Il n’y a rien qu’on ne puisse obtenir avec de la persistance
et de la détermination.
BodyFitness : Depuis combien de temps vous entraînez-vous
aux poids ?
Lee Banks : Avec mes propres poids depuis l’âge
de 12 ans, mais je n’ai concouru que plus tard. Maintenant,
je suis fier de l’avoir fait. J’ai commencé à
m’entraîner dans le garage de chez nous quand j’étais
encore très jeune et à aucun moment il ne m’est
venu à l’esprit que j’arriverais aussi loin en
ce sport.
BF : Cela a été certainement dur
de passer de vous entraîner seulement comme hobby à
combiner diète et séances en salle pour vous préparer
aux championnats.

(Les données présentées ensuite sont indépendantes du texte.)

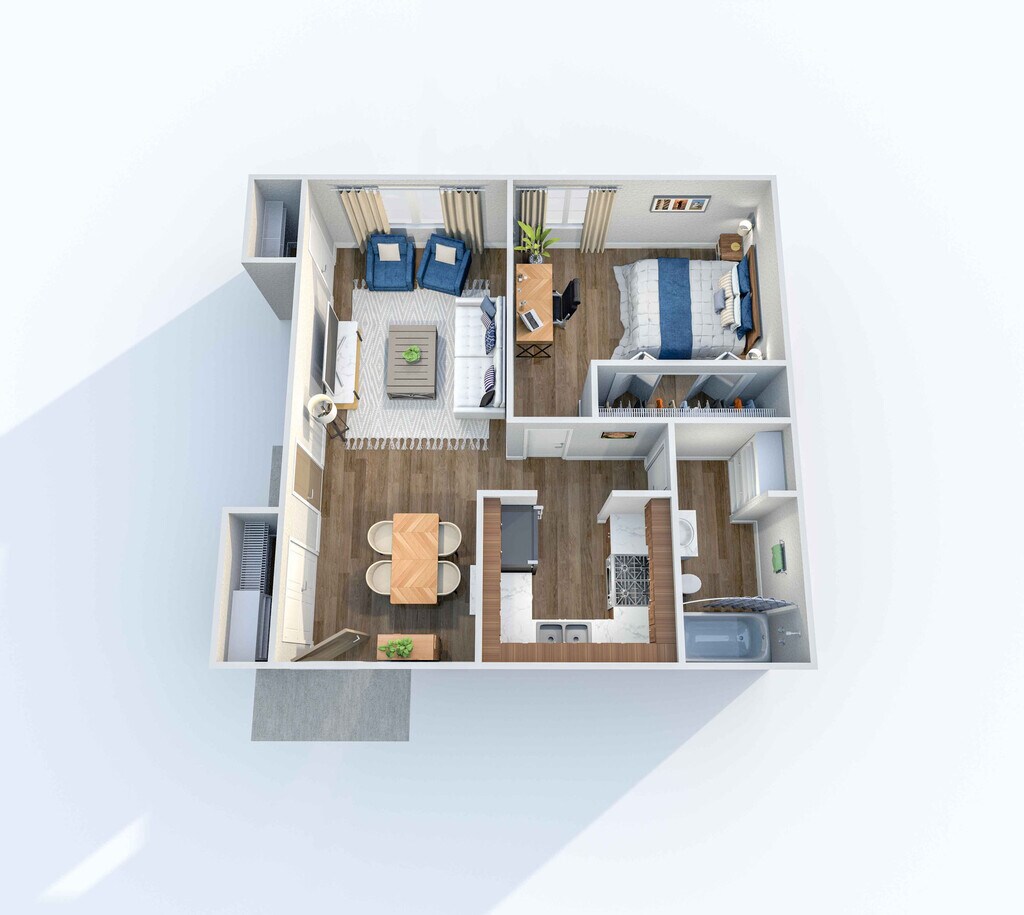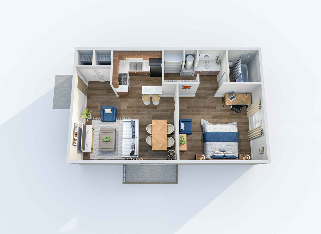 1 Dormitorio, 1 Baño, 700 pies²Galería del Modelo

Qu’est-ce qui vous a amené à
vous intéresser au culturisme de compétition ?
LB : Le fait de faire la connaissance d’une
amie de ma femme qui avait réussi à transformer son
physique en deux ans et à devenir une grande compétitrice.
J’admirais ses exploits et j’ai essayé d’en
faire autant pour constater à quel point je pouvais développer
mon physique. C’est elle qui m’a motivé et m’a
poussé à avancer dans cette discipline. J’ai
pensé que si elle avait concrétisé ses rêves,
je pourrais moi aussi réaliser les miens, à condition
de travailler et de maîtriser les techniques qui me permettraient
de monter sur scène avec un physique spectaculaire.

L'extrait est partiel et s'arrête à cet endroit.